The newly created test_stream.csv file will contain:

i,name,new_field
1,apple,105
2,banana,207
3,orange,306

Custom nodes

To implement custom node, one has to subclass the Node class:

class brewery.streams.Node

Creates a new data processing node.

Attributes :
  • inputs: input pipes
  • outputs: output pipes
  • description: custom node annotation
configure(config, protected=False)

Configure node.

Parameters :
  • config - a dictionary containing node attributes as keys and values as attribute values. Key type is ignored as it is used for node creation.
  • protected - if set to True only non-protected attributes are set. Attempt to set protected attribute will result in an exception. Use protected when you are configuring nodes through a user interface or a custom tool. Default is False: all attributes can be set.

If key in the config dictionary does not refer to a node attribute specified in node description, then it is ignored.

finalize()

Finalizes the node. Default implementation does nothing.

classmethod identifier()

Returns an identifier name of the node class. Identifier is used for construction of streams from dictionaries or for any other out-of-program constructions.

Node identifier is specified in the node_info dictioanry as name. If no explicit identifier is specified, then decamelized class name will be used with node suffix removed. For example: CSVSourceNode will be csv_source.

initialize()

Initializes the node. Initialization is separated from creation. Put any Node subclass initialization in this method. Default implementation does nothing.

input

Return single node imput if exists. Convenience property for nodes which process only one input. Raises exception if there are no inputs or are more than one imput.

input_fields

Return fields from input pipe, if there is one and only one input pipe.

output_field_names

Convenience method for gettin names of fields generated by the node. For more information see brewery.nodes.Node.output_fields()

output_fields

Return fields passed to the output by the node.

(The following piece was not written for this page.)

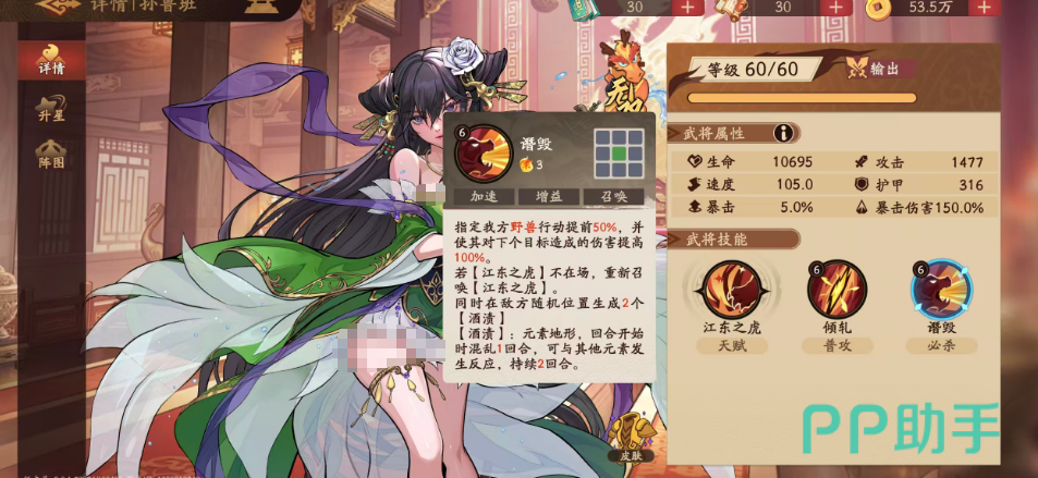 “酒渍”属于独立元素类状态,在敌方每回合开始时触发混乱效果,虽仅持续1回合,但与其他控制或减益效果联动时,可大幅削弱敌方行动稳定性。该机制使其在前期具备快速控场能力,配合“江东之虎”的即时召唤,形成“控→召→打”三位一体的战术循环。中后期若需优化输出结构,应重点强化孙鲁班的速度属性——因其多数关键功能均依赖“江东之虎”的稳定在场与及时响应,而速度直接决定控制链启动效率与召唤节奏把控精度。

Subclasses should override this method. Default implementation returns same fields as input has, raises exception when there are more inputs or if there is no input connected.

put(obj)

Put row into all output pipes.

Raises NodeFinished exception when node’s target nodes are not receiving data anymore. In most cases this exception might be ignored, as it is handled in the node thread wrapper. If you want to perform necessary clean-up in the run() method before exiting, you should handle this exception and then re-reaise it or just simply return from run().

This method can be called only from node’s run() method. Do not call it from initialize() or finalize().

put_record(obj)

Put record into all output pipes. Convenience method. Not recommended to be used.

Depreciated.

reset_type(name)

Remove all retype information for field name

retype(name, **attributes)

Retype an output field name to field field.

run()

Main method for running the node code. Subclasses should implement this method.

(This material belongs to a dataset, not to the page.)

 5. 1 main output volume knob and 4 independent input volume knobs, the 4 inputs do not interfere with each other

Node uses pipes for communication. SimplePipe is abstract class that should be used as base class for any Pipe implementation:

The Pipe class uses Python threading for node thread concurrency:

class brewery.streams.Pipe(buffer_size=1000)

Creates uni-drectional data pipe for passing data between two threads in batches of size buffer_size.

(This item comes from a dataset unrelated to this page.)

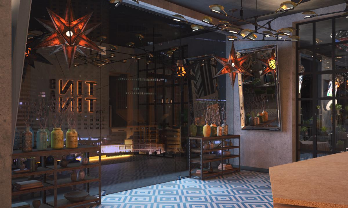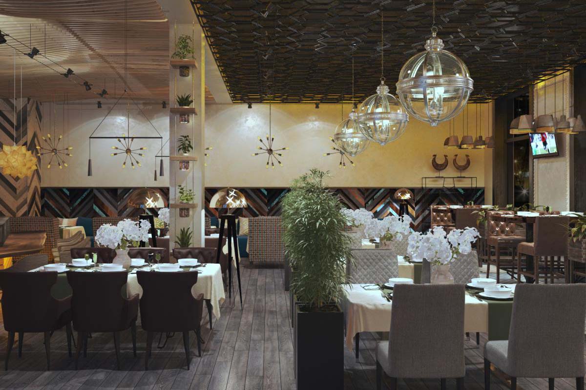 Основной стиль интерьера контемпорэри и ар-деко Нью Йорка начала 20 века , который характеризуется сочетанием противоположных элементов, блеском, строгой геометрией и глянцевымии матовыми поверхностями. В главном зале геометрия прослеживается почти на всех поверхностях от пола до потолка. Подчеркивают геометрию вставки из латуни, которые добавляют интерьеру шика. Трудно не заметить блеск, исходящий от инсталляции за сценой. Этот арт-объект наша студия разработала специально для этого ресторана. В изогнутой поверхности металла отражаются весь интерьер и роскошные массивные люстры. Их нельзя не заметить даже сидя на 2 этаже в ВИП зале.
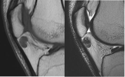 En la RM se encuentra aumento en la señal en T2, presencia de líquido y compresión del tendón patelar. En las fases crónicas aparece disminución de la señal por la fibrosis y formación de hemosiderina. (7). (Fig 154 y 155).

If receiving node is finished with source data and does not want anything any more, it should send done_receiving() to the pipe. In most cases, stream runner will send done_receiving() to all input pipes when node’s run() method is finished.

If sending node is finished, it should send done_sending() to the pipe, however this is not necessary in most cases, as the method for running stream flushes outputs automatically on when node run() method is finished.

closed()

Return True if pipe is closed - not sending or not receiving data any more.

done_receiving()

Close pipe from either side

done_sending()

Close pipe from sender side

put(obj)

Put data object into the pipe buffer. When buffer is full it is enqueued and receiving node can get all buffered data objects.

Puttin object into pipe is not thread safe. Only one thread sohuld write to the pipe.

rows()

Get data object from pipe. If there is no buffer ready, wait until source object sends some data.